Task inputs section start

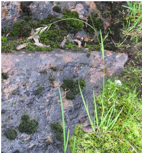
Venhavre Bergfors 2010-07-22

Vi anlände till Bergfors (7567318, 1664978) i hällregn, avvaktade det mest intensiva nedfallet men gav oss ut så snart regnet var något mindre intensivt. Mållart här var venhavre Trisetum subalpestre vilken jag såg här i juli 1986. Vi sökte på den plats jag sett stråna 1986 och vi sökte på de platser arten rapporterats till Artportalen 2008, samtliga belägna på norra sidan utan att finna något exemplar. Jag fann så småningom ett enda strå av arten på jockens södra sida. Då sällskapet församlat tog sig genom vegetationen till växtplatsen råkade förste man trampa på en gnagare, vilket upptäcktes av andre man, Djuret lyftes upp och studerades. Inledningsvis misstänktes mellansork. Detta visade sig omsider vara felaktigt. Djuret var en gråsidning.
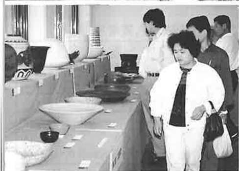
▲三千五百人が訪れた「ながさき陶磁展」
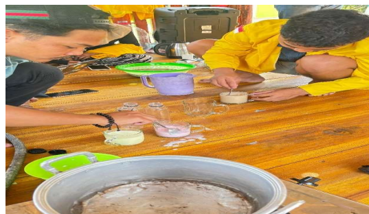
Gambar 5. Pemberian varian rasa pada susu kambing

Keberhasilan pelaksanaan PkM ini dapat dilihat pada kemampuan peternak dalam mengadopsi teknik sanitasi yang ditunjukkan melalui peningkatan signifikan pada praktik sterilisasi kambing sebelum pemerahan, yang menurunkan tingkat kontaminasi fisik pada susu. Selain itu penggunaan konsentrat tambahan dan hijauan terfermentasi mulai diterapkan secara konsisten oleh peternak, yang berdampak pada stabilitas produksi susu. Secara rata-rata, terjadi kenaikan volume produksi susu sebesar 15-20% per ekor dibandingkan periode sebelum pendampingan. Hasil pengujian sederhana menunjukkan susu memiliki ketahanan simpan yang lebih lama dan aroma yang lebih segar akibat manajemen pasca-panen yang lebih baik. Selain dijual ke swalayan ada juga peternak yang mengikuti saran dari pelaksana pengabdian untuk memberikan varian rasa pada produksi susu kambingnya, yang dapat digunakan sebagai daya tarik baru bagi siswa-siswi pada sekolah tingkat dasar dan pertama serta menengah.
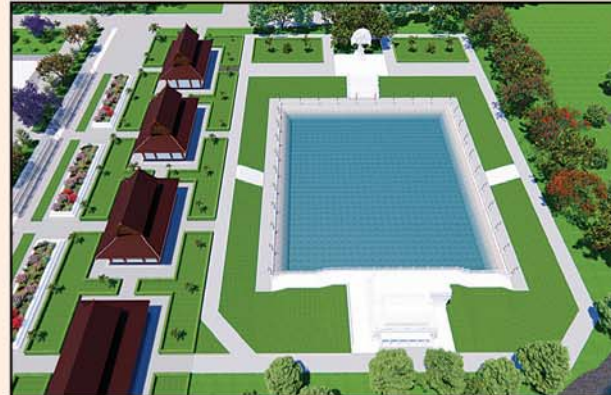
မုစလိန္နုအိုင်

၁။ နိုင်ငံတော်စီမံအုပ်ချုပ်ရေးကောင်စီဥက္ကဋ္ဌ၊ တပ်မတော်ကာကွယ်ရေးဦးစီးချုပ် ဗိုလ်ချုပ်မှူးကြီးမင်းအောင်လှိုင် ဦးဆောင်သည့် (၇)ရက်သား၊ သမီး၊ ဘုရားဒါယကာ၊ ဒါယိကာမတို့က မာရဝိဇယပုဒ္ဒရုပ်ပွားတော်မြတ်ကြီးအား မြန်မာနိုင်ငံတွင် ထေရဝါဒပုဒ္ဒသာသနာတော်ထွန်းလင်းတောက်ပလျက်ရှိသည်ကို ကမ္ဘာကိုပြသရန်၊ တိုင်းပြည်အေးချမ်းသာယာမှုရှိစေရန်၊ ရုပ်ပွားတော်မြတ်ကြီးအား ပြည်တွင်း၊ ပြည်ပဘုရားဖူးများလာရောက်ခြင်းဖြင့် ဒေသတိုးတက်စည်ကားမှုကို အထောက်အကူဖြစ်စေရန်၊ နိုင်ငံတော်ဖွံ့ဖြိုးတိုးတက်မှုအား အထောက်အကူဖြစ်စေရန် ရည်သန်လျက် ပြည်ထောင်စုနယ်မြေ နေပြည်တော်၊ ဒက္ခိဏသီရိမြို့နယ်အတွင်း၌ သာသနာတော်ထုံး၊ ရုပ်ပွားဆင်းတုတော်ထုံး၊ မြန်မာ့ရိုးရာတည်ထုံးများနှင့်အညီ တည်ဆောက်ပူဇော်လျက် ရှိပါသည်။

Task inputs section end

[Exercise goal]
Look above for the line with "Keberhasilan pelaksanaan PkM" and the line with "မုစလိန္နုအိုင်", then restate exactly those two lines and all lines between them, with no pictures.

[Exercise solution]
Keberhasilan pelaksanaan PkM ini dapat dilihat pada kemampuan peternak dalam mengadopsi teknik sanitasi yang ditunjukkan melalui peningkatan signifikan pada praktik sterilisasi kambing sebelum pemerahan, yang menurunkan tingkat kontaminasi fisik pada susu. Selain itu penggunaan konsentrat tambahan dan hijauan terfermentasi mulai diterapkan secara konsisten oleh peternak, yang berdampak pada stabilitas produksi susu. Secara rata-rata, terjadi kenaikan volume produksi susu sebesar 15-20% per ekor dibandingkan periode sebelum pendampingan. Hasil pengujian sederhana menunjukkan susu memiliki ketahanan simpan yang lebih lama dan aroma yang lebih segar akibat manajemen pasca-panen yang lebih baik. Selain dijual ke swalayan ada juga peternak yang mengikuti saran dari pelaksana pengabdian untuk memberikan varian rasa pada produksi susu kambingnya, yang dapat digunakan sebagai daya tarik baru bagi siswa-siswi pada sekolah tingkat dasar dan pertama serta menengah.
မုစလိန္နုအိုင်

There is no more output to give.